Typical ICV usage is to add constraints to a database that has the domain data and validate the database to see if there are any violations. It is also possible to enable the guard mode that will enforce the constraints at database modification time.
SHACL Constraints
SHACL and other data quality concepts are demonstrated in our Data Quality Training. You can find an illustrative example of SHACL constraints for the music tutorial dataset in the tutorials repo.
Adding Constraints
SHACL is expressed as RDF so SHACL constraints can be added to a Stardog database just as any other RDF data. Best practice is to store SHACL definitions in one or more named graphs to make the management easier.
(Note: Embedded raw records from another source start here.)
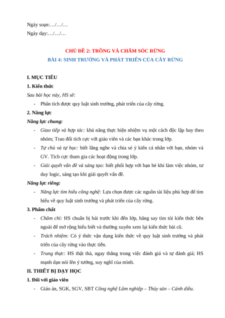 Giáo án Bài 4: Sinh trưởng và phát triển của cây rừng Công nghệ 12 Cánh diều
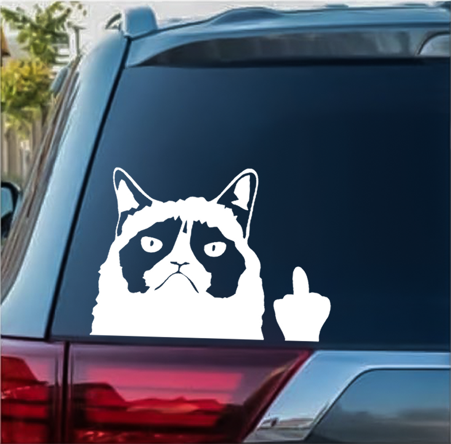 Grumpy Cat Flipping Bird Window Decal Sticker
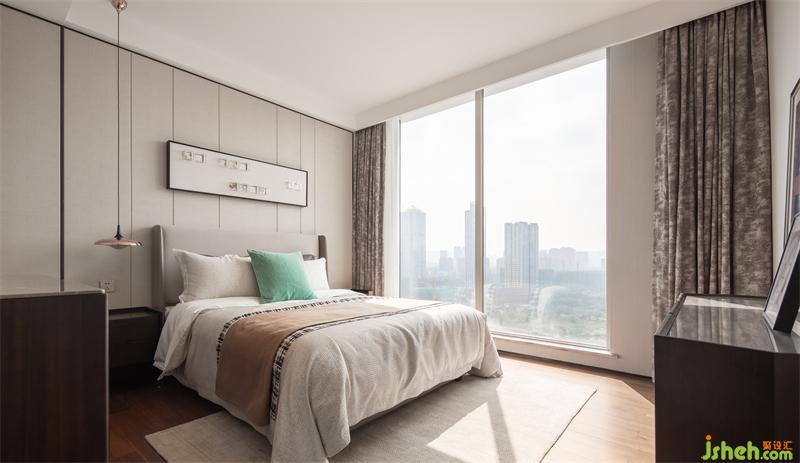 樣板房設(shè)計(jì)以儒雅平和的色彩、材質(zhì)容納主人的生活尺度,空間氛圍營(yíng)造的任務(wù)更多交由室外光景的自然表達(dá),室內(nèi)物什在自然光的加持下氤氳出溫柔而感性的空間氣質(zhì)。
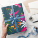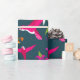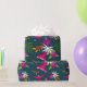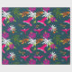Hummingbirds Tropical Rainforest Colourful Print Wrapping Paper. Pink and purple Hummingbirds flying about on a tropical background. Palms and flowers. Dark teal blue background.
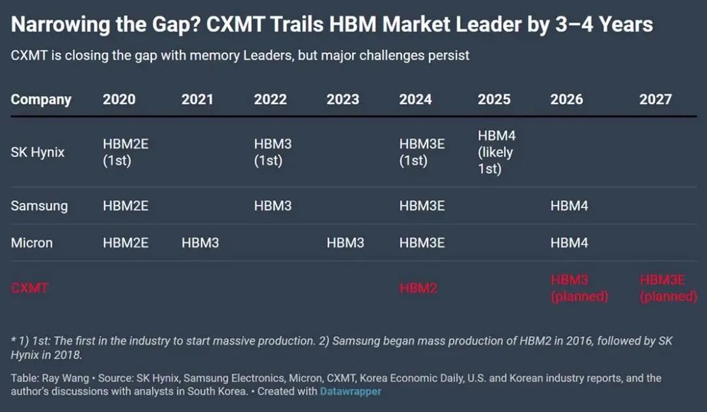 同日,韩国媒体报道称,长鑫存储预计在年底完成HBM3量产认证,并计划在2027年量产HBM3E。若按此节奏,中国厂商与内存三巨头的时间差将从8年缩短至约4年,甚至3年。

$ stardog data add -g urn:example:constraints stardog-tutorial-music stardog-tutorials/shacl/music_shacl.ttl
By default, validation process will use any SHACL definition in any named graph but the database configuration option shacl.shape.graphs
can be set to a list of named graphs to restrict which named graphs should be used to look up the constraints. The shape graphs can be specified at validation time as explained below.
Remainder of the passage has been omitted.